* **EXERCISE GOAL**: Lines that include the string "team" are the ones to copy from the entries below.

* **Data entries**:
- - - - - - -

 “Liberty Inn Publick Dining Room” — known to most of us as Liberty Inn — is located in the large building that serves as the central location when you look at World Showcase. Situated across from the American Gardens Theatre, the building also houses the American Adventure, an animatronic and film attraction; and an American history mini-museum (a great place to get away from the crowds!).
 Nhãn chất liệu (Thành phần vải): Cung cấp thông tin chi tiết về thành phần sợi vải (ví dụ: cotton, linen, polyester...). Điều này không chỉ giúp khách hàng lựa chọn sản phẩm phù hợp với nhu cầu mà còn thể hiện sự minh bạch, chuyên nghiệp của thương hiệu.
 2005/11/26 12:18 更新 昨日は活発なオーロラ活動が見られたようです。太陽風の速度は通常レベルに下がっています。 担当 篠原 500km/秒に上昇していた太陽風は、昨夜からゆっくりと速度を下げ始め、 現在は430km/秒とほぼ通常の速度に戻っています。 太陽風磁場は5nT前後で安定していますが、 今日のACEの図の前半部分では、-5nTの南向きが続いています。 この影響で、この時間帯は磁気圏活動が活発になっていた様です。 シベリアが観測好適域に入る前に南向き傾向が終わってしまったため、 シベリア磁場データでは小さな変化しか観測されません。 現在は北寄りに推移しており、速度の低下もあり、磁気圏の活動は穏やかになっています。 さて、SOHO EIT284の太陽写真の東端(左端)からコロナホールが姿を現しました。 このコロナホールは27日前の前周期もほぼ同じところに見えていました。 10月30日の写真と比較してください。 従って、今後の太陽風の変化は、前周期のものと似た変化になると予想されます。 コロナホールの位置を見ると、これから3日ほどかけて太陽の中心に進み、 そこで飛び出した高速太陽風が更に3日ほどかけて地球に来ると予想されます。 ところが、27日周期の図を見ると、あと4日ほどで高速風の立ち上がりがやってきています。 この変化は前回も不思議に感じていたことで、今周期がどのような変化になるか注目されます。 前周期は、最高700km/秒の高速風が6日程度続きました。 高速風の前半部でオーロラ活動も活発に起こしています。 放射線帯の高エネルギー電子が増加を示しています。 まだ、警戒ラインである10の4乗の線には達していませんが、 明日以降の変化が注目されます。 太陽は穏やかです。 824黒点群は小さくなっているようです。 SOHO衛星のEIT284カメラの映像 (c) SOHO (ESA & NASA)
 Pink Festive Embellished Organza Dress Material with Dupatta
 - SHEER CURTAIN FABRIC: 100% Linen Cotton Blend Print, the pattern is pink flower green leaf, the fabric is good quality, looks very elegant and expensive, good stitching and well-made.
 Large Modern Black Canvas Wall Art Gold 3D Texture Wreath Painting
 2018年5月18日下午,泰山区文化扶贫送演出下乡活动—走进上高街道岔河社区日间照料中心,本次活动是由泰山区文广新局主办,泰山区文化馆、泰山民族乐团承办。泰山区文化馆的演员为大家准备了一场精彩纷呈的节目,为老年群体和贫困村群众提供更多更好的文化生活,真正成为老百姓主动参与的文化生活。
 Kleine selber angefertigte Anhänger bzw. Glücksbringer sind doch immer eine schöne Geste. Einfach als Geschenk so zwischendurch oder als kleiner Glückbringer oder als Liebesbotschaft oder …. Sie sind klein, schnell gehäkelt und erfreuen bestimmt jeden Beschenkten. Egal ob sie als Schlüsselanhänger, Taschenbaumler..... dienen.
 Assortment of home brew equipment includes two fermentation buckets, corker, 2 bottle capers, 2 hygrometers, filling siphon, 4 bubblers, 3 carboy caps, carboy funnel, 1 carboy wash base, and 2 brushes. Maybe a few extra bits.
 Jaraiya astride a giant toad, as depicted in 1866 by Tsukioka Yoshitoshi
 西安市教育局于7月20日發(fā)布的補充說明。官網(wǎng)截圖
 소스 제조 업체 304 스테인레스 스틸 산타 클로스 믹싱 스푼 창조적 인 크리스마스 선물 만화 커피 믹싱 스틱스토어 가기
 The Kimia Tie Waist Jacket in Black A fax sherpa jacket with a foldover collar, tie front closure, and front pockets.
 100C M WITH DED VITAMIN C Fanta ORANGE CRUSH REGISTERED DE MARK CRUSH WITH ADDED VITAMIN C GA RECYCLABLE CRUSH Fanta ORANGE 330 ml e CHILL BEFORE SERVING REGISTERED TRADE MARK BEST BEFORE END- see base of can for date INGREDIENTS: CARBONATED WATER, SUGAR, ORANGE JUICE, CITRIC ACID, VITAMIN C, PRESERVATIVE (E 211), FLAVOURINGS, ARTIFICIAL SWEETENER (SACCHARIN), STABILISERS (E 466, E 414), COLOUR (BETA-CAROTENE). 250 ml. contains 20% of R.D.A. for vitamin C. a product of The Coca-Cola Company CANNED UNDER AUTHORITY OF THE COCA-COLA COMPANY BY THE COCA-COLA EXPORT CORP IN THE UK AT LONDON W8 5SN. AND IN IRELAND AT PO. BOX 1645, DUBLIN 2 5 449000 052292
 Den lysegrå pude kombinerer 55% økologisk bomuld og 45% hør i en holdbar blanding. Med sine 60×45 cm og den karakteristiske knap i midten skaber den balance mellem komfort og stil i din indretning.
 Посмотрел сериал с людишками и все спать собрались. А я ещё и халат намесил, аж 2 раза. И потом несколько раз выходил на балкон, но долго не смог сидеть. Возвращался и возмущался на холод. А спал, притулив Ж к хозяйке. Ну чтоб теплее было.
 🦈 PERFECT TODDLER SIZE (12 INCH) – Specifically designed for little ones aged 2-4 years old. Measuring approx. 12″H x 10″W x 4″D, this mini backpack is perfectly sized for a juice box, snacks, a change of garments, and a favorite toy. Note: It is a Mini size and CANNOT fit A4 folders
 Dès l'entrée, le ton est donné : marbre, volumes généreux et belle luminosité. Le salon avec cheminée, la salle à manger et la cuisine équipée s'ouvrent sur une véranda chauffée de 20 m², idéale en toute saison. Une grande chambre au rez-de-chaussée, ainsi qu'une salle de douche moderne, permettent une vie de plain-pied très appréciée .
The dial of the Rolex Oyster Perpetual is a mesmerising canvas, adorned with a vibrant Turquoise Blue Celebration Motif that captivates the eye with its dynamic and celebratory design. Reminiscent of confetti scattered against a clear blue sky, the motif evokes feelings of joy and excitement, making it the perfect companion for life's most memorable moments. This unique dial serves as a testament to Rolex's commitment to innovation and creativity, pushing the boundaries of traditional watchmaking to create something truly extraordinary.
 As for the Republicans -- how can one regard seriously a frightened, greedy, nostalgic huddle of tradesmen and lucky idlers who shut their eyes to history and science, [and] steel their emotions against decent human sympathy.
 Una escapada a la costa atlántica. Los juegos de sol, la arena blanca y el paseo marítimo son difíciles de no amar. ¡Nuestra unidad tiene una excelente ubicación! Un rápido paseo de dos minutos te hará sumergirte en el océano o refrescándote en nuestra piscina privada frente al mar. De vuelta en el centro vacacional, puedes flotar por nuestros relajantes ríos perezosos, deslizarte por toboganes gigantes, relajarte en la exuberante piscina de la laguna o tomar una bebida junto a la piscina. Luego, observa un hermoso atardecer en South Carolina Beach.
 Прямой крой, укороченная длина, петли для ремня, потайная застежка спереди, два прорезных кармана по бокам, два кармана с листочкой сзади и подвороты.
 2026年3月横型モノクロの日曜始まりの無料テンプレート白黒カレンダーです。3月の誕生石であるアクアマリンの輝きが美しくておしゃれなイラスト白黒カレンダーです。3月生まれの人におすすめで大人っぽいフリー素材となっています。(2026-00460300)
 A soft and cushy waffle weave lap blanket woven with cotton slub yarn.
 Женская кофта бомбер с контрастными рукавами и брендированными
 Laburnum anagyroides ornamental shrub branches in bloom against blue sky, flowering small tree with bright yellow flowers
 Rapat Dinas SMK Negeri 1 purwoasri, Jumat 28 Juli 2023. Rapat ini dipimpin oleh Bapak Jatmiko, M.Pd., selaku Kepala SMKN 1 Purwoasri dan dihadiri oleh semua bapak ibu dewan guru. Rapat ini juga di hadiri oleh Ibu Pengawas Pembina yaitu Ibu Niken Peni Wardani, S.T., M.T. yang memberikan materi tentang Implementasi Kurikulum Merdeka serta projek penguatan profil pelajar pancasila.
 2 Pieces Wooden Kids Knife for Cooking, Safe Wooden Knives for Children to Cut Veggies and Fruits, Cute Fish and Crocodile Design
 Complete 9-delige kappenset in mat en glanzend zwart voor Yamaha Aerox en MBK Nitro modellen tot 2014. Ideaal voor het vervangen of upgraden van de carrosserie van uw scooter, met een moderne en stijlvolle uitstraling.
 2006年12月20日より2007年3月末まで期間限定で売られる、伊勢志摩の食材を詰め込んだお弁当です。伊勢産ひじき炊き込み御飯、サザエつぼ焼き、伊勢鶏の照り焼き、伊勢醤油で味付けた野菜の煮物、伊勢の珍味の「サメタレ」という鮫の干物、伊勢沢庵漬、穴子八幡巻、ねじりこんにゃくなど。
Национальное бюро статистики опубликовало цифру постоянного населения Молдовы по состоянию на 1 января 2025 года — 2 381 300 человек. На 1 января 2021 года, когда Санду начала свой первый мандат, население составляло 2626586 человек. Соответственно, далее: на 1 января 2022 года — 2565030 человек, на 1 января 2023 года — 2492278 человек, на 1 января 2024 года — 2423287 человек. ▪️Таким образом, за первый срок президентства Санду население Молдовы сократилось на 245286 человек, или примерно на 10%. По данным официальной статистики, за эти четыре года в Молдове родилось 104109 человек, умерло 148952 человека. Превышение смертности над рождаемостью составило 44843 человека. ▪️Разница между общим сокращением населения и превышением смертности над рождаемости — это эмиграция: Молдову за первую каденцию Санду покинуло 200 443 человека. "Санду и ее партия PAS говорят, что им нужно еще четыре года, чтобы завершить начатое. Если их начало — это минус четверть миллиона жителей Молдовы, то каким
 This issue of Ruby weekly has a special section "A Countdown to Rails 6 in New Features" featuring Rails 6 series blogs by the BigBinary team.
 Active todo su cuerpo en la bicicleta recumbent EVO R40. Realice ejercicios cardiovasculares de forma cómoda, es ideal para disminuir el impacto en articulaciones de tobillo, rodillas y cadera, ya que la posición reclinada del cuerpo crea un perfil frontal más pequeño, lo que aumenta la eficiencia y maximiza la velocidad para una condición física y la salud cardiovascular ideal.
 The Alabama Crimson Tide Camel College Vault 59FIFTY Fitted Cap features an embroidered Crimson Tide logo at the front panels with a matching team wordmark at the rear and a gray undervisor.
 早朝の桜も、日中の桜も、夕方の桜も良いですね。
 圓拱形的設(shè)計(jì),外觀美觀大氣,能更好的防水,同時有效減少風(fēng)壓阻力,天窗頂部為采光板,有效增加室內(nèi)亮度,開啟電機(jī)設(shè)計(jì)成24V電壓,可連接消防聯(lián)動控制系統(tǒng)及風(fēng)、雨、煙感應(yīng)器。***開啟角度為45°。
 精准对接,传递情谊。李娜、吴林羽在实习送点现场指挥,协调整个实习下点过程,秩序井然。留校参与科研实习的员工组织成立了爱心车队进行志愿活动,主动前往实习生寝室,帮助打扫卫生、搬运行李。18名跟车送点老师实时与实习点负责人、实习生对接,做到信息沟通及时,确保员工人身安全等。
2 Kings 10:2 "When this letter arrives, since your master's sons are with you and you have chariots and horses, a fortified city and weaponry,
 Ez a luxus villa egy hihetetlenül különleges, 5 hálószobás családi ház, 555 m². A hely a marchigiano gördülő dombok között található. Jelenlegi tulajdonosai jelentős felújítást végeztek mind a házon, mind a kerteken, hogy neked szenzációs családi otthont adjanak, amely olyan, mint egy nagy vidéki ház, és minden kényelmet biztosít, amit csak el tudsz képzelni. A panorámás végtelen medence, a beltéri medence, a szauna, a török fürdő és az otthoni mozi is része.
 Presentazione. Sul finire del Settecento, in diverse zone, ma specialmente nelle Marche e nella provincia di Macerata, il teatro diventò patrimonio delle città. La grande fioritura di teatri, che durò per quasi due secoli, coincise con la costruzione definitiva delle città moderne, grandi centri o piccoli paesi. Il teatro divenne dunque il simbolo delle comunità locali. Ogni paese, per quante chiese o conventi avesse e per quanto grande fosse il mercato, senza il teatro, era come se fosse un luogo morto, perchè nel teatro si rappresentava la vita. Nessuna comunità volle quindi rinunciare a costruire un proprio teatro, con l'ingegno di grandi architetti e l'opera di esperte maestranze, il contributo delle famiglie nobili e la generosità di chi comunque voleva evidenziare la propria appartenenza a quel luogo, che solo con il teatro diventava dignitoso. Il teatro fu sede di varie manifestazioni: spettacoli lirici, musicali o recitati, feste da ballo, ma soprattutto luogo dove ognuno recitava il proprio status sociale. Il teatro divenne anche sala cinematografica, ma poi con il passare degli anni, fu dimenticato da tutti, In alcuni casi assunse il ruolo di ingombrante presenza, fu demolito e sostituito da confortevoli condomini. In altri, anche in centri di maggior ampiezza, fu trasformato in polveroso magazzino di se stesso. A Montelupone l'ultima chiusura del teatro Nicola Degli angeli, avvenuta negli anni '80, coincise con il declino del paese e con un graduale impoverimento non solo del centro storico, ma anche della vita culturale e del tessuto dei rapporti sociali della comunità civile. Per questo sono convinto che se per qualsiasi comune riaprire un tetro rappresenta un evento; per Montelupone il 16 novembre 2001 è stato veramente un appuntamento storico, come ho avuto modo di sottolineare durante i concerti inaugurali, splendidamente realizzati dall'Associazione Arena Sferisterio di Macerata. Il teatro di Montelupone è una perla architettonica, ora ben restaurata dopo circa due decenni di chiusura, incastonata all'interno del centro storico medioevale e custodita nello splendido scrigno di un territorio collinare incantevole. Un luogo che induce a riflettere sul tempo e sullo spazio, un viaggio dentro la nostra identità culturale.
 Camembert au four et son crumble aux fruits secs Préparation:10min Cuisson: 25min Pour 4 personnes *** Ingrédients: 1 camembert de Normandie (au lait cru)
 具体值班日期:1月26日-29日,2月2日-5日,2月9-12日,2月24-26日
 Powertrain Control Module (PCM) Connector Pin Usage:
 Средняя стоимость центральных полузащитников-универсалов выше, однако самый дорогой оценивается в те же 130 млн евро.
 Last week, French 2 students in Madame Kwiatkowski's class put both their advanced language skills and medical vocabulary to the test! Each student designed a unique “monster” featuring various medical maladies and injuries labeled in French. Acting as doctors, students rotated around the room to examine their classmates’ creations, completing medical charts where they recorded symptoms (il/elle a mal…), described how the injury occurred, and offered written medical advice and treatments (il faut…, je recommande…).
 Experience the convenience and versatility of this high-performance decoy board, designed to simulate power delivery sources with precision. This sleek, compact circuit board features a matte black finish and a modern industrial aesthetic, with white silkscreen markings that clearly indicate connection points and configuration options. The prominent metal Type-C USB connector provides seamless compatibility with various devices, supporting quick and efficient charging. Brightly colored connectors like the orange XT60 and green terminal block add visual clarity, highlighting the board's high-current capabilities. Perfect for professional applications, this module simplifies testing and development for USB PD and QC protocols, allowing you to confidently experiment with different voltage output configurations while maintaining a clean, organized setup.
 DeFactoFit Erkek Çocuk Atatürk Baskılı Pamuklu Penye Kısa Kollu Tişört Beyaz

- - - - - - -

* **RESULT**:
 This issue of Ruby weekly has a special section "A Countdown to Rails 6 in New Features" featuring Rails 6 series blogs by the BigBinary team.
 The Alabama Crimson Tide Camel College Vault 59FIFTY Fitted Cap features an embroidered Crimson Tide logo at the front panels with a matching team wordmark at the rear and a gray undervisor.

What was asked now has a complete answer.